【发布时间】:2021-07-23 19:54:31
【问题描述】:
完全清楚这种类型问题已被问了数百次。
尽管如此,我还是找不到我所描述的具体问题的答案,即:
- 性能(即我知道如何做我需要的事情,但在某些情况下它太慢了,所以我正在寻找更快的解决方案)
- 良好的编程习惯(即我质疑我选择的方法是否“干净”而不是迂回或因其他原因效率低下)
我有一个带有数字和字符列的 data.frame。我需要从中创建一个 data.frame 摘要,按其中一个字符列 (ID) 分组,并报告 1) 每个组中一些数字列的一些统计信息,和 2) 一些字符连接(即报告具有混合 数据类型 - 这就是让它变得棘手的原因,至少对我而言,这也是我寻求建议的原因)。
这是R 脚本:
# Simulate original data.frame
set.seed(384092)
N <- 10000
d <- data.frame("ID" = paste0(sample(LETTERS, N, replace = T), sprintf("%03.0f", sample(1:floor(sqrt(N)), N, replace = T )) ), stringsAsFactors = F)
d["set"] <- sample(LETTERS, N, replace = T)

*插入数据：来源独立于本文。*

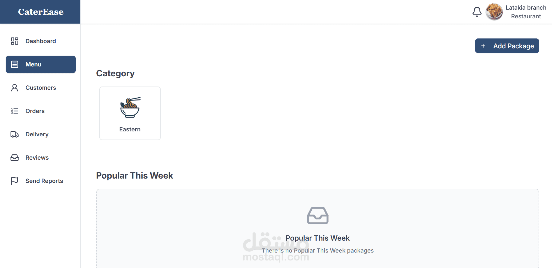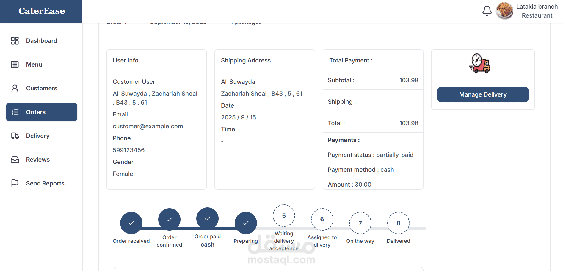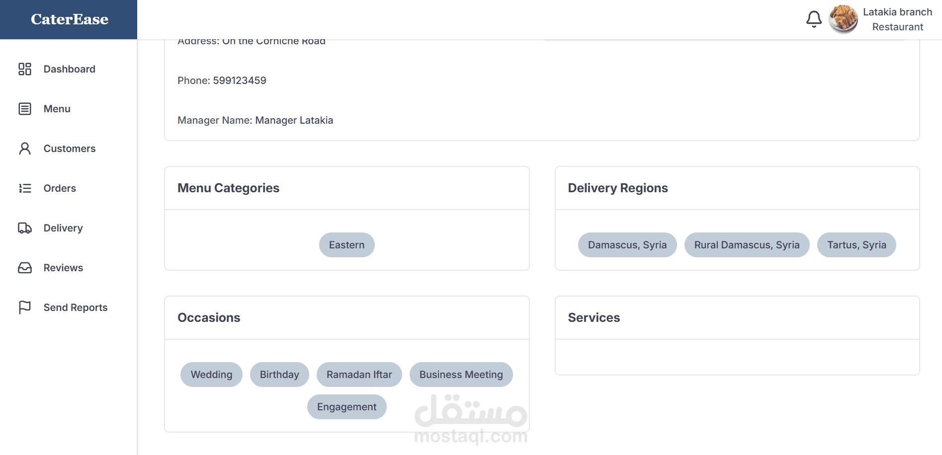 يقدم مشروع CaterEase نظامًا إداريًا متكاملًا لأصحاب المطاعم، مصممًا لتسهيل ومراقبة العمليات اليومية بكفاءة. توفر لوحة تحكم المدير واجهة مركزية لإدارة جميع جوانب المطعم، بدءًا من الطلبات والعملاء وصولًا إلى قائمة الطعام وفريق التوصيل.

d["P"] <- runif(N, -20, 120)
d["K"] <- rnorm(N, 10, 0.5)
# Make summary
# For each unique ID, report: ID, number of rows of d, mean of P, sd of P, comma-separated list of unique set's
# Method 1: rbind data.frames from 'by'
time.1 <- system.time({
d_summary.1 <- do.call(rbind, by(d, d$ID, function(dd) {
data.frame("ID" = dd$ID[1], "N" = nrow(dd), "P_mean" = mean(dd$P), "P_sd" = sd(dd$P), "sets" = paste(unique(dd$set), collapse = ","))
})
)
})
cat("\ntime.1 =",time.1,"\n")
print(sapply(d_summary.1, class))
# Method 2: create a list of lists and combine them at the end
# https://stackoverflow.com/a/68162050/6376297
time.2 <- system.time({
time.2.1 <- system.time({d_summary.2 <- by(d, d$ID, function(dd) {
list("ID" = dd$ID[1], "N" = nrow(dd), "P_mean" = mean(dd$P), "P_sd" = sd(dd$P), "sets" = paste(unique(dd$set), collapse = ","))
})
})
d_summary.2 <- do.call(rbind, lapply(d_summary.2, data.frame))
})
cat("\ntime.2.1 =",time.2.1)
cat("\ntime.2 =",time.2,"\n")
print(sapply(d_summary.2, class))
在我的电脑上产生以下输出:
time.1 = 1.72 0 1.72 NA NA
ID N P_mean P_sd sets
"character" "integer" "numeric" "numeric" "character"
time.2.1 = 0.3 0 0.29 NA NA
time.2 = 1.79 0 1.82 NA NA
ID N P_mean P_sd sets
"character" "integer" "numeric" "numeric" "character"
链接的帖子https://stackoverflow.com/a/68162050/6376297 特别提到方法 2 中使用的处理类型对于避免将所有列强制为单一数据类型是必要的。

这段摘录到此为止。